• ACTION ITEM
Leaving out the pictures, print exactly the lines from the one holding "Im Hintergrund dräut" to the last line of the entries below, both included, and nothing more.

• SOURCE DATA
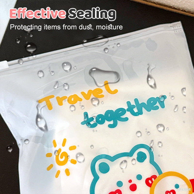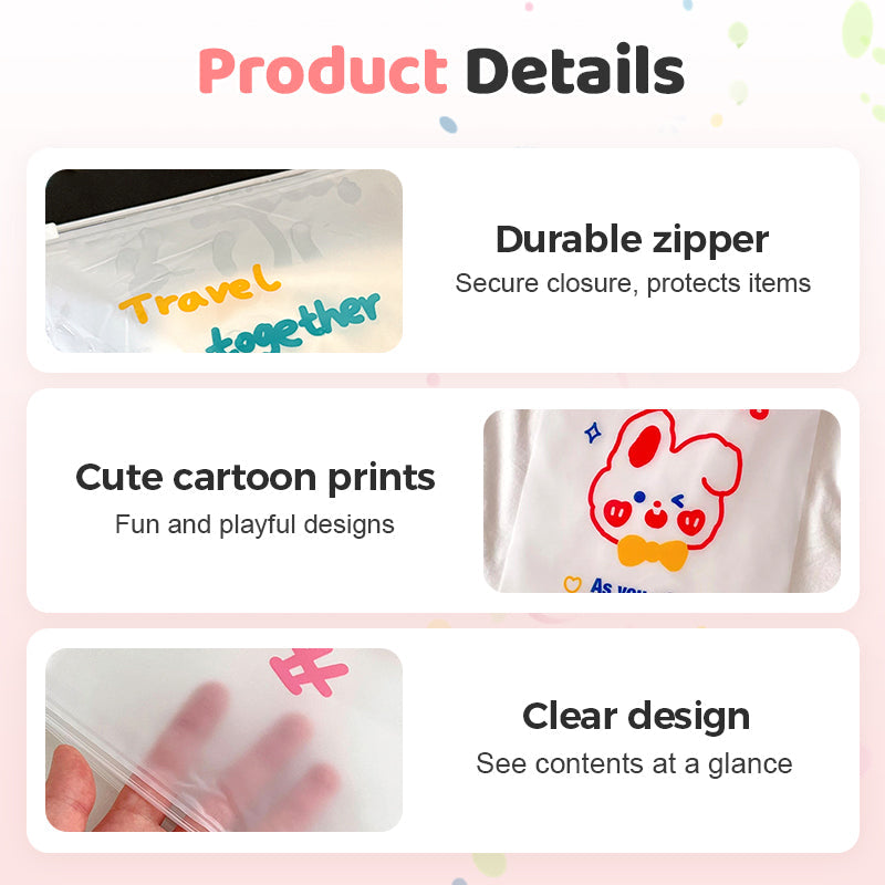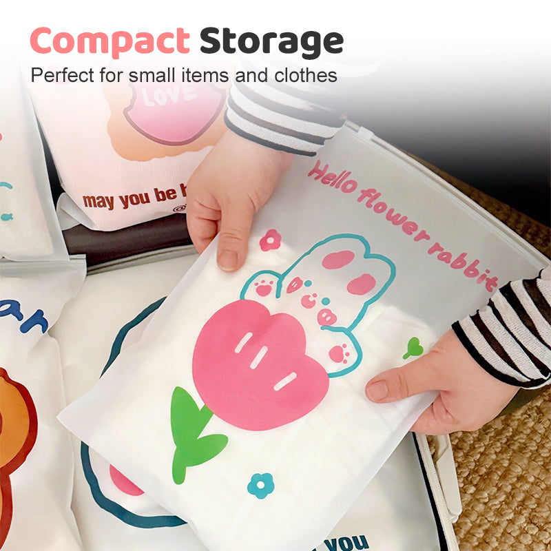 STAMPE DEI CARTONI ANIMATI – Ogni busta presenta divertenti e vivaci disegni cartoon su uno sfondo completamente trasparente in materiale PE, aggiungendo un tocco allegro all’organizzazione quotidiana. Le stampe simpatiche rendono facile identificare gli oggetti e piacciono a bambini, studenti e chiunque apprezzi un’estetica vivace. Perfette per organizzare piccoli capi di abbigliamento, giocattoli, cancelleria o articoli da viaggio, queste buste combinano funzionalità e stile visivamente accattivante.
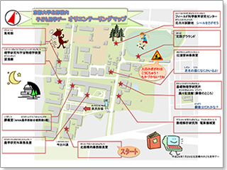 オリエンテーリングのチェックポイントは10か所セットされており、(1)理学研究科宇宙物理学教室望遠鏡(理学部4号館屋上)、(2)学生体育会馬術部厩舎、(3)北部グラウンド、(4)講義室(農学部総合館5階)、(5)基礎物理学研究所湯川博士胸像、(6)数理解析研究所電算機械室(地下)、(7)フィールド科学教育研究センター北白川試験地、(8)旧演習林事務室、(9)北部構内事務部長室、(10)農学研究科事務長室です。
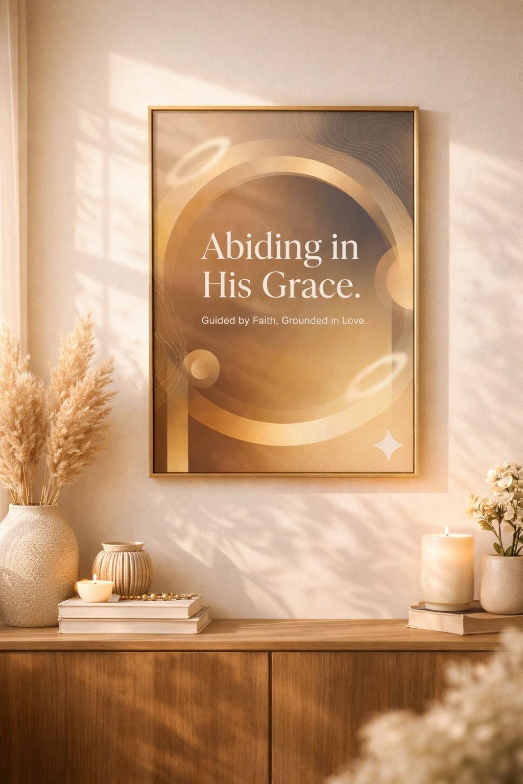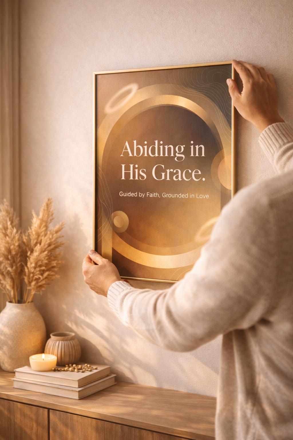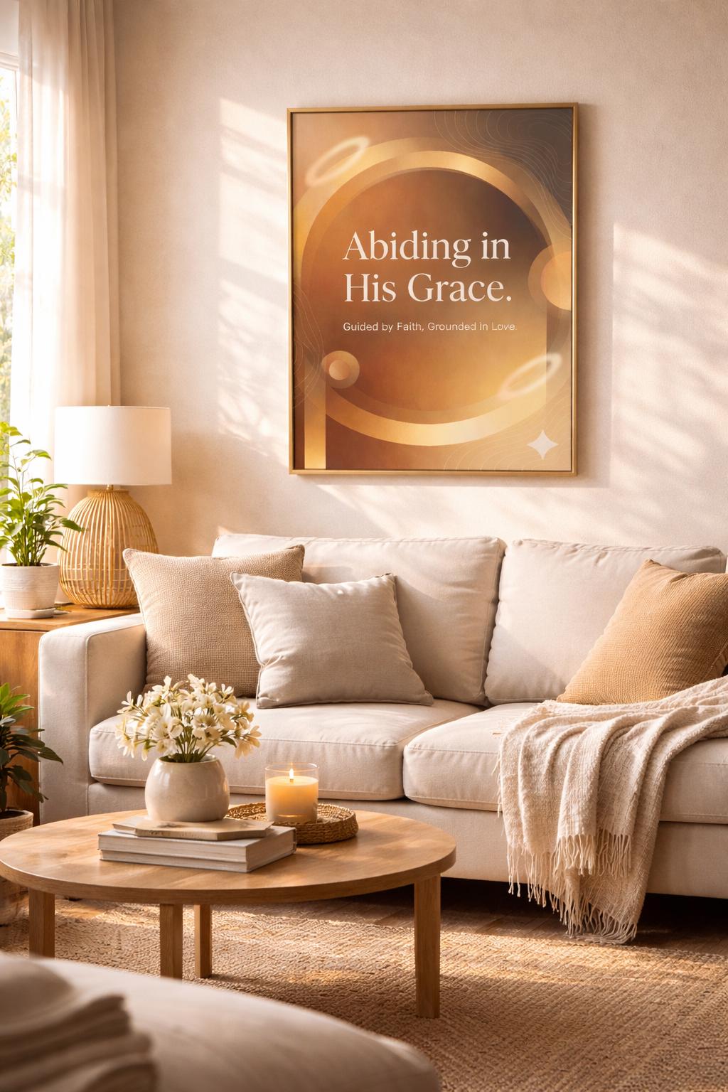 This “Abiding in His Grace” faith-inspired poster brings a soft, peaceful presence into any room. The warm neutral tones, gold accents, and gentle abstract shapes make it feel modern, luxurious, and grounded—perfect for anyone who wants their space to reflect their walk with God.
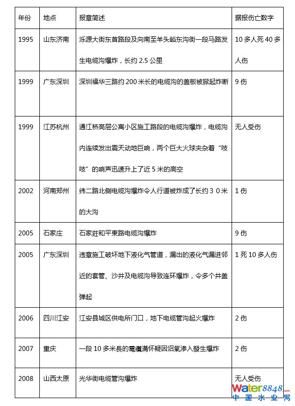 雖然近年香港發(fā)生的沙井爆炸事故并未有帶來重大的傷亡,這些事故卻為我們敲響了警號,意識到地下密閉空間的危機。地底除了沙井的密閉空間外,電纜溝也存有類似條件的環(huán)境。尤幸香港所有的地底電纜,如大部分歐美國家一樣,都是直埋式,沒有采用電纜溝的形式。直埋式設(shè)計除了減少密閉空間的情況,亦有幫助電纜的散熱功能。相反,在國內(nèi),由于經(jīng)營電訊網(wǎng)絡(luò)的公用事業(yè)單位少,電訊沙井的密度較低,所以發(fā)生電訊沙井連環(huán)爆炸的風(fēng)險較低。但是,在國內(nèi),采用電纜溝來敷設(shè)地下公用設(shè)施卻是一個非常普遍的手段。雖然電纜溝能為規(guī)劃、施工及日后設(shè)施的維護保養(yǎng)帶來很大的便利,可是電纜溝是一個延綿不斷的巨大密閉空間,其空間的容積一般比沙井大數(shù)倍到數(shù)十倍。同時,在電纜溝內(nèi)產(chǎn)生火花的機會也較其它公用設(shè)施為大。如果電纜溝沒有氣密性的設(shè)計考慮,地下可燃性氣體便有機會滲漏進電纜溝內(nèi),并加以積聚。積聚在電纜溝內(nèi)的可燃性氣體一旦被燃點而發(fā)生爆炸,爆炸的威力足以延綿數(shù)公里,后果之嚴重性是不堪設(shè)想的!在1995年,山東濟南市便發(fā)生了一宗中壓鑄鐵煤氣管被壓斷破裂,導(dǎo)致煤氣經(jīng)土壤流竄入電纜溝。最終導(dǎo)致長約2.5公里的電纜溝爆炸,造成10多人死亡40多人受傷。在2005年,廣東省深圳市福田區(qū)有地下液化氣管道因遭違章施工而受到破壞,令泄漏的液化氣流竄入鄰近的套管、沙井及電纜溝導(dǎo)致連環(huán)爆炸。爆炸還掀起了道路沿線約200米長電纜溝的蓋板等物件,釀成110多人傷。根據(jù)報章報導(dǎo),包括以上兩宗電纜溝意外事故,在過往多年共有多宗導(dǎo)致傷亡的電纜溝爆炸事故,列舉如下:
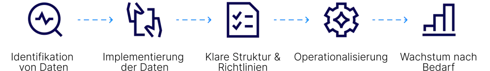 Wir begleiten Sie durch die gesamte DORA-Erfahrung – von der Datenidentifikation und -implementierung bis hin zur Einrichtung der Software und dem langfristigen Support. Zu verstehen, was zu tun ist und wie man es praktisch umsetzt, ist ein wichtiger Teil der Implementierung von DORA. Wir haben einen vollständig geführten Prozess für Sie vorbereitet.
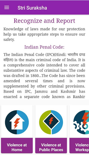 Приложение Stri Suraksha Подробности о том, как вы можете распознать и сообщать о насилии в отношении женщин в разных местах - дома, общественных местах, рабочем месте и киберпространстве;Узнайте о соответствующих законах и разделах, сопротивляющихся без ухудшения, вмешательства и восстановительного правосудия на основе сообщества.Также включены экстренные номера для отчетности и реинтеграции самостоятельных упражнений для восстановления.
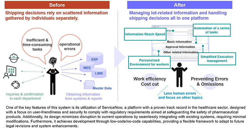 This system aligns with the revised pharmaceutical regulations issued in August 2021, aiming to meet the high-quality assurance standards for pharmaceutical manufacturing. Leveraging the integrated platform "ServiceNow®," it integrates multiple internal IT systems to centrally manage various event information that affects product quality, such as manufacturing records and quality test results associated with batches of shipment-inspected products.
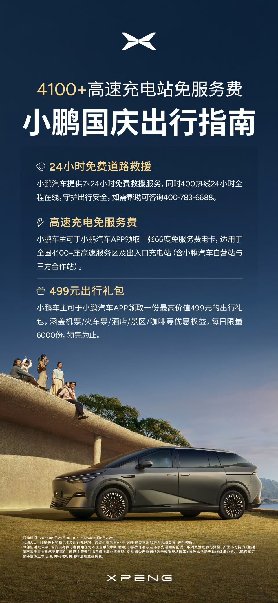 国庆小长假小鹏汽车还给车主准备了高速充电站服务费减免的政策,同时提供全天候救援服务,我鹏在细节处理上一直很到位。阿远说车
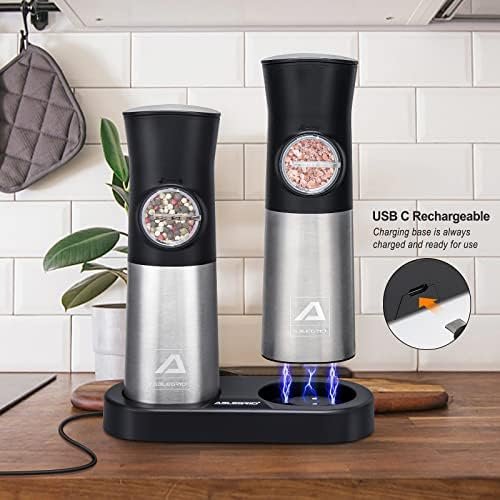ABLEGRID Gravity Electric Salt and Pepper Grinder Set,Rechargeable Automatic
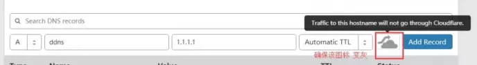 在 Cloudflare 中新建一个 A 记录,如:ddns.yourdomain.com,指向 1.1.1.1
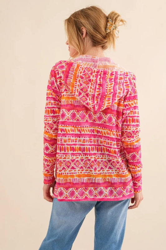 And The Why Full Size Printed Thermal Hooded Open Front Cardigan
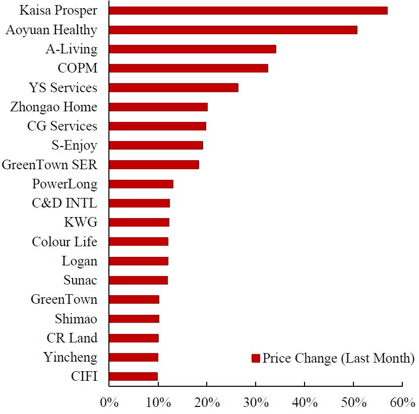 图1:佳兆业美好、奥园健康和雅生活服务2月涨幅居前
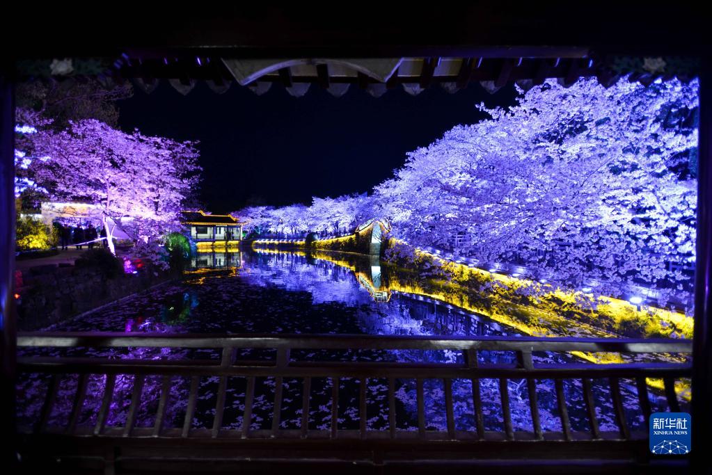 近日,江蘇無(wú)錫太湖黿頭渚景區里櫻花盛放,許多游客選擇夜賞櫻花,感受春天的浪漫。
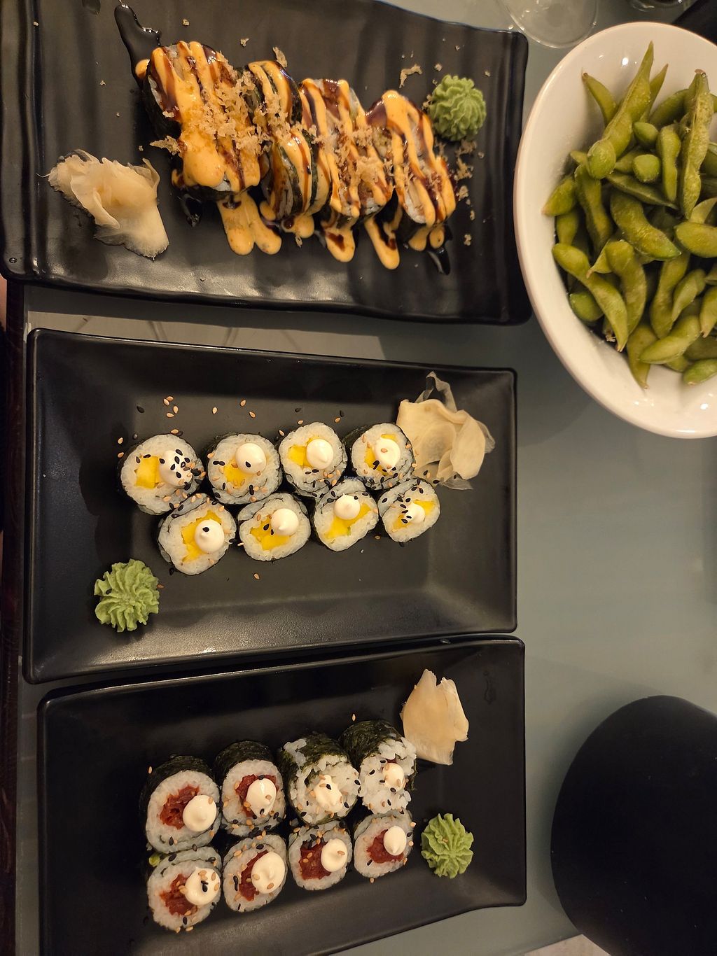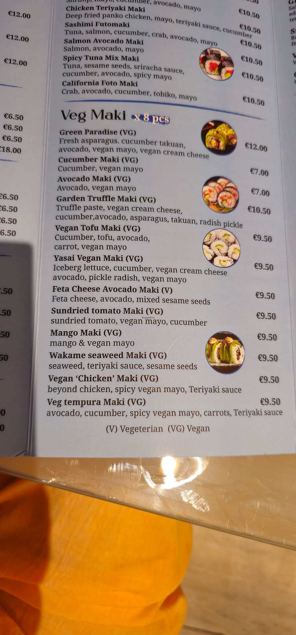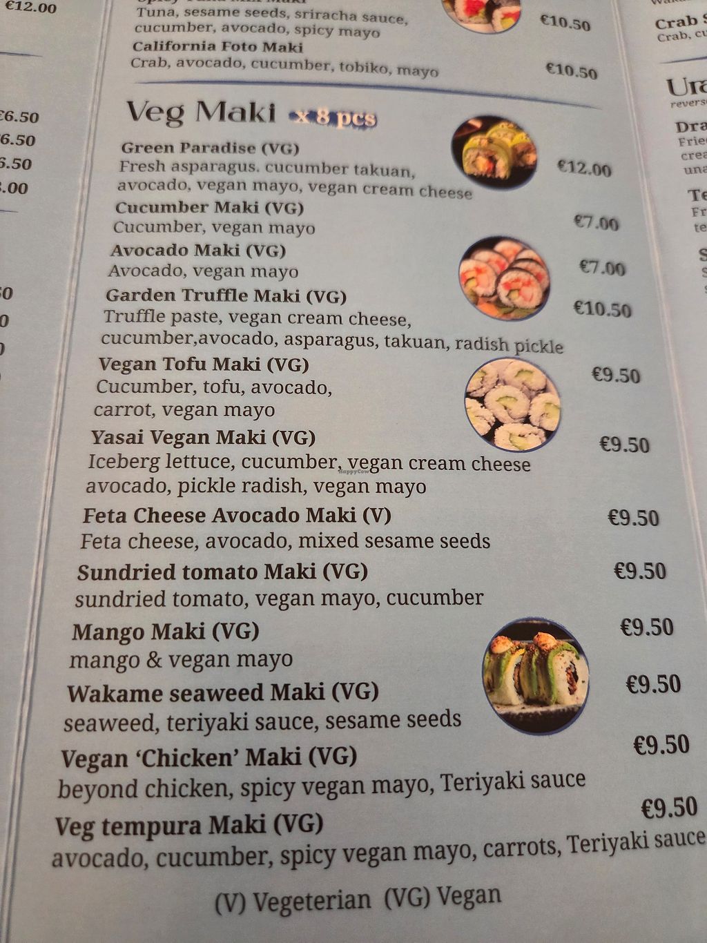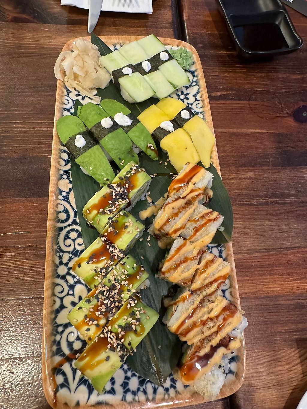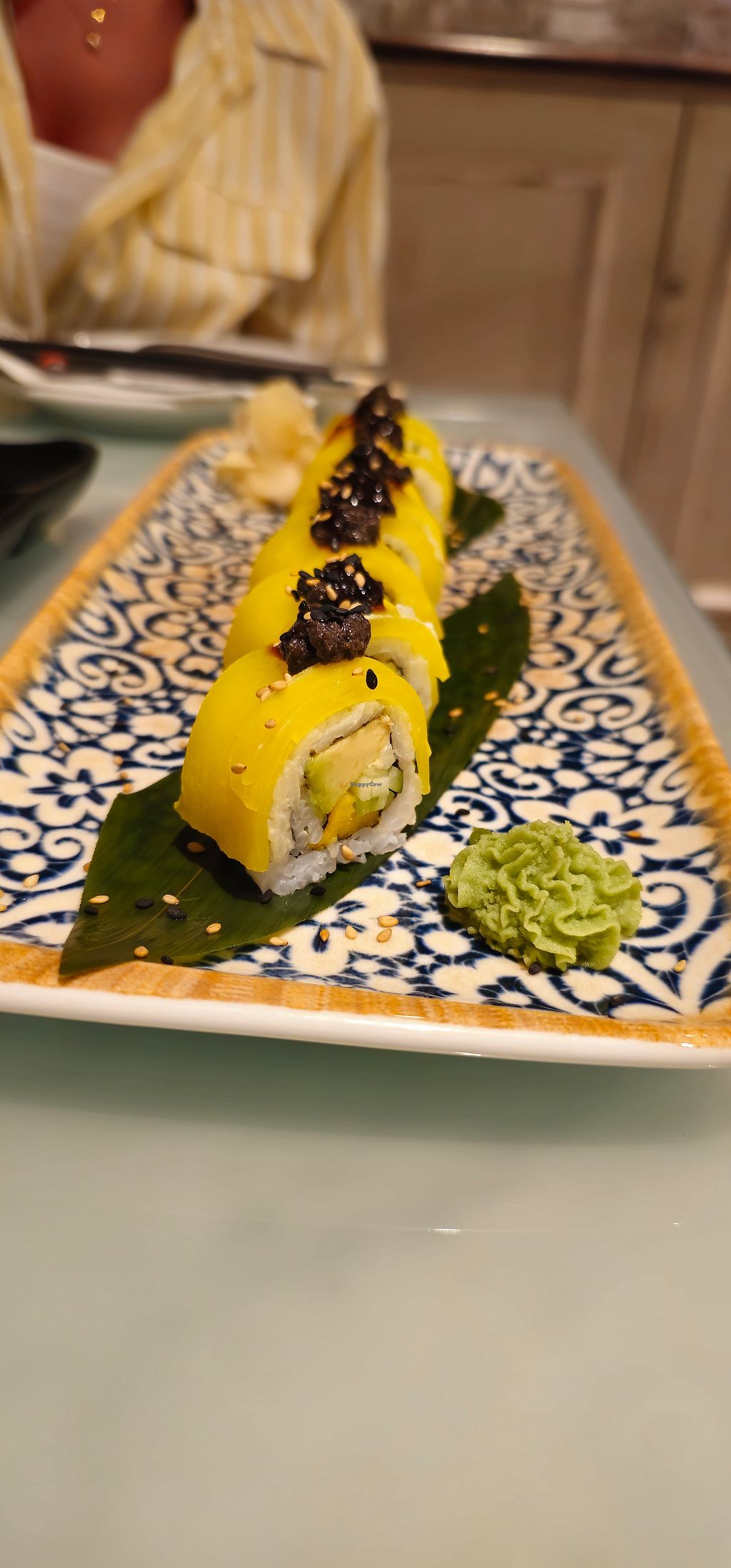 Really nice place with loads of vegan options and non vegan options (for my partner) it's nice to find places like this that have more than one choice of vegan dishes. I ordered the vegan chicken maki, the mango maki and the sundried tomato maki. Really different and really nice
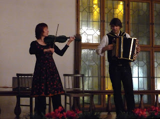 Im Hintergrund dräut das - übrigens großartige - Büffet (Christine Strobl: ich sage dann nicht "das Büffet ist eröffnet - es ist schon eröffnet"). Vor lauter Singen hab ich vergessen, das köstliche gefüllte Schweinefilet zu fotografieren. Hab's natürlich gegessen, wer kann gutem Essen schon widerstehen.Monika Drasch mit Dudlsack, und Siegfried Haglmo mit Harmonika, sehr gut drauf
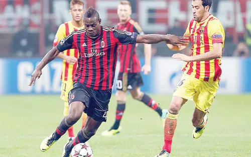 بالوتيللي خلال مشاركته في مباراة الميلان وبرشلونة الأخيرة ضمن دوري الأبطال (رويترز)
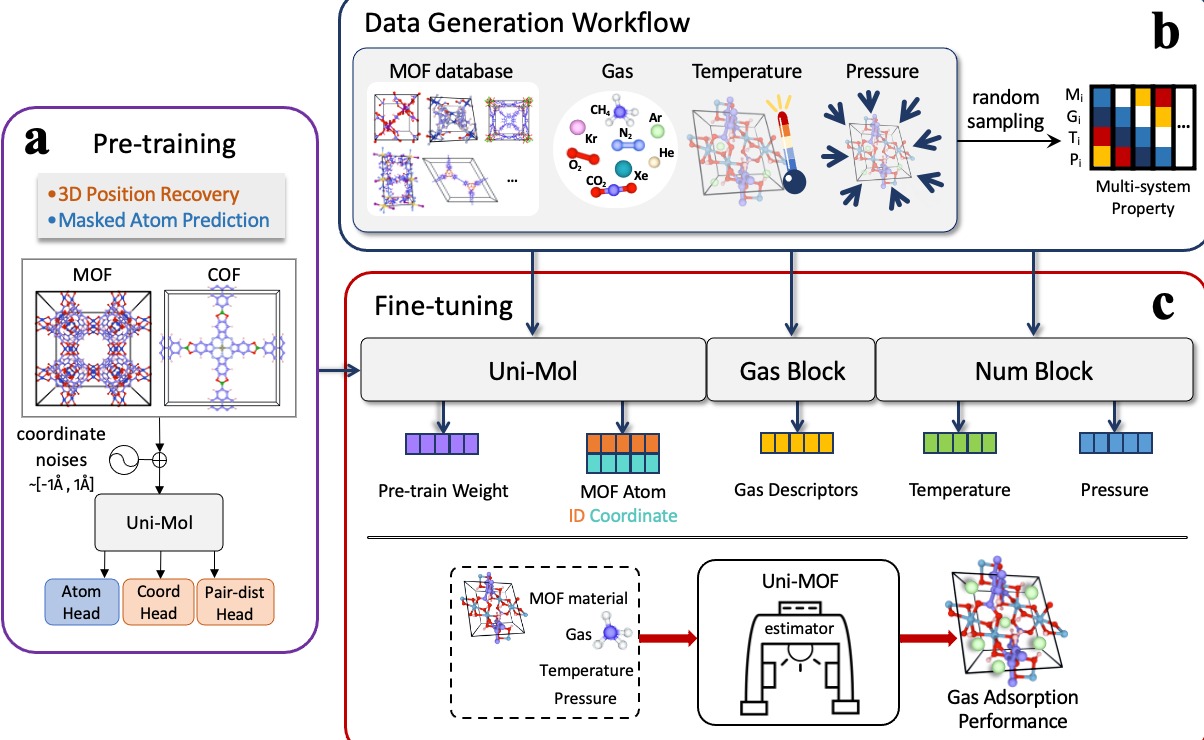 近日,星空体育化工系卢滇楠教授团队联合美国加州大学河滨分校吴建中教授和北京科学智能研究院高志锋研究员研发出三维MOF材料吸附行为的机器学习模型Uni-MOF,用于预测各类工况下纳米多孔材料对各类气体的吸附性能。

• TASK RESPONSE
 Im Hintergrund dräut das - übrigens großartige - Büffet (Christine Strobl: ich sage dann nicht "das Büffet ist eröffnet - es ist schon eröffnet"). Vor lauter Singen hab ich vergessen, das köstliche gefüllte Schweinefilet zu fotografieren. Hab's natürlich gegessen, wer kann gutem Essen schon widerstehen.Monika Drasch mit Dudlsack, und Siegfried Haglmo mit Harmonika, sehr gut drauf
 بالوتيللي خلال مشاركته في مباراة الميلان وبرشلونة الأخيرة ضمن دوري الأبطال (رويترز)
 近日,星空体育化工系卢滇楠教授团队联合美国加州大学河滨分校吴建中教授和北京科学智能研究院高志锋研究员研发出三维MOF材料吸附行为的机器学习模型Uni-MOF,用于预测各类工况下纳米多孔材料对各类气体的吸附性能。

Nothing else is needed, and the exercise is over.